=== YOUR OBJECTIVE ===
The line that contains "在8月31日晚上6点,健康与" marks the start. Please set it down, with every later line of the data, exactly and without pictures.

=== DATASET SECTION ===
================

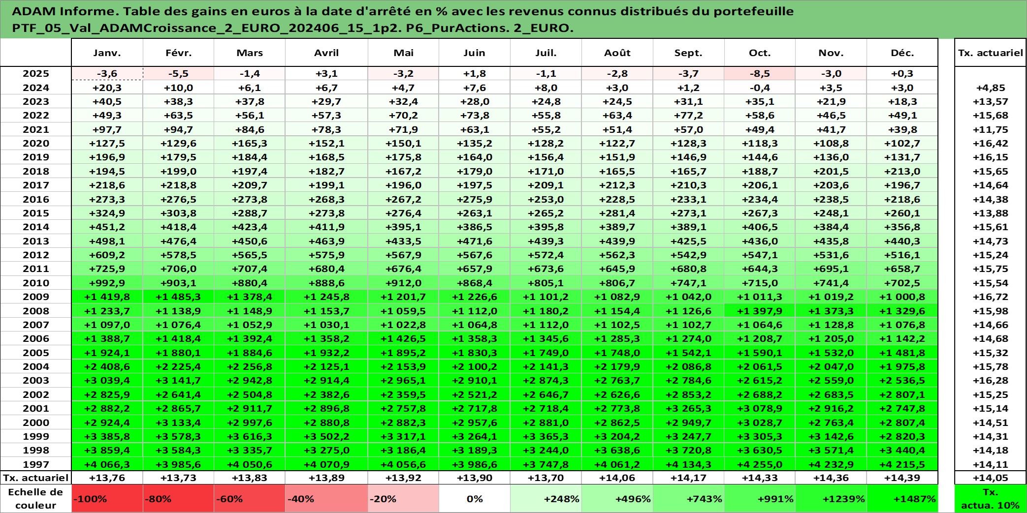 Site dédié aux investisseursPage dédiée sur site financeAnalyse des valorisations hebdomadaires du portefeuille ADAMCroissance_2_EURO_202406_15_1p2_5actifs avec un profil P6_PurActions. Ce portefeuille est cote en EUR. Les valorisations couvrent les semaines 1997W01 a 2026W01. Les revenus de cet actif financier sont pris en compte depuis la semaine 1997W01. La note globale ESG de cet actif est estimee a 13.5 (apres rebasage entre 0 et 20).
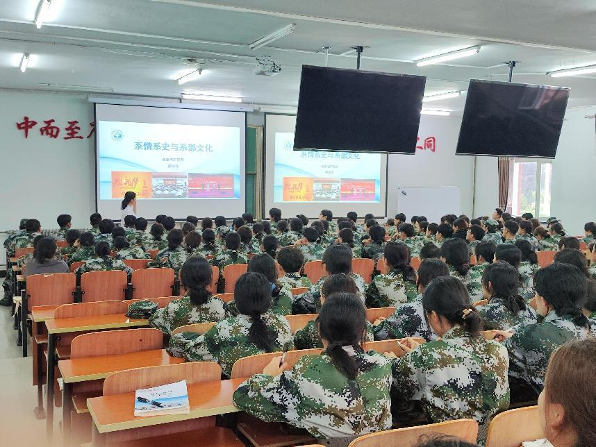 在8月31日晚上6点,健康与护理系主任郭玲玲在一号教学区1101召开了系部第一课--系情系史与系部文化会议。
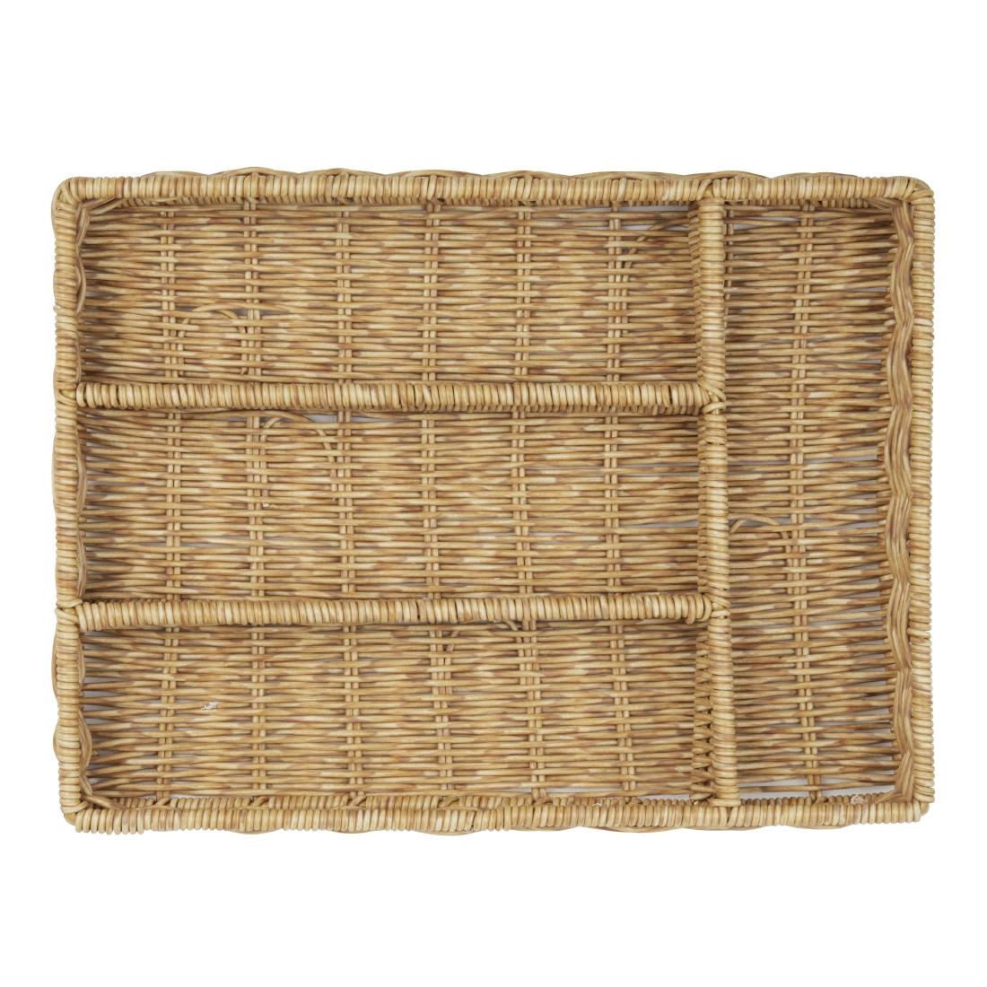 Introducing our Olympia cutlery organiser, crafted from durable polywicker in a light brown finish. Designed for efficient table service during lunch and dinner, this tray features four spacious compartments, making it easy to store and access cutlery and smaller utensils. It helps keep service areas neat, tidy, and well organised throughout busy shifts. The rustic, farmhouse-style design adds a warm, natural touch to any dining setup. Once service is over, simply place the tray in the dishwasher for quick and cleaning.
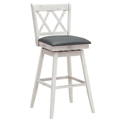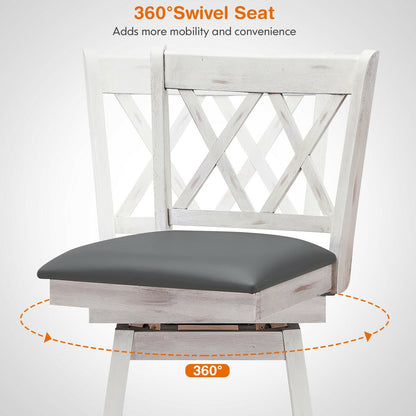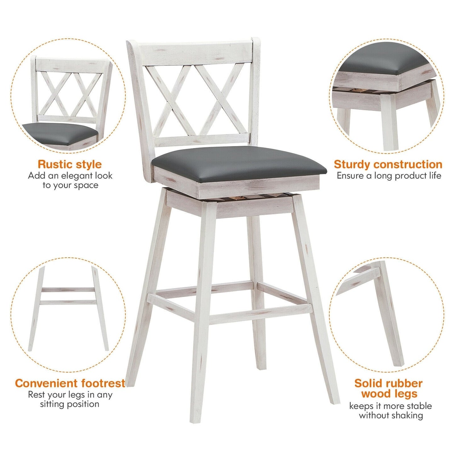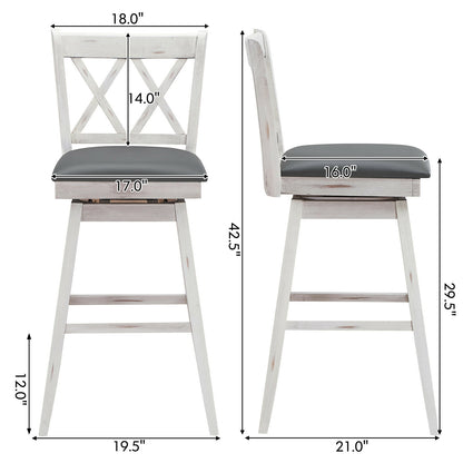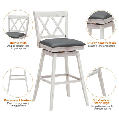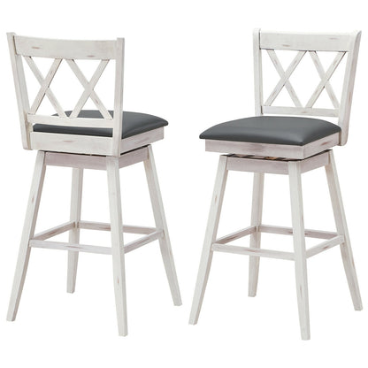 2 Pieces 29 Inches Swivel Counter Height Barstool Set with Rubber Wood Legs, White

================

=== EXERCISE RESULT ===
 在8月31日晚上6点,健康与护理系主任郭玲玲在一号教学区1101召开了系部第一课--系情系史与系部文化会议。
 Introducing our Olympia cutlery organiser, crafted from durable polywicker in a light brown finish. Designed for efficient table service during lunch and dinner, this tray features four spacious compartments, making it easy to store and access cutlery and smaller utensils. It helps keep service areas neat, tidy, and well organised throughout busy shifts. The rustic, farmhouse-style design adds a warm, natural touch to any dining setup. Once service is over, simply place the tray in the dishwasher for quick and cleaning.
 2 Pieces 29 Inches Swivel Counter Height Barstool Set with Rubber Wood Legs, White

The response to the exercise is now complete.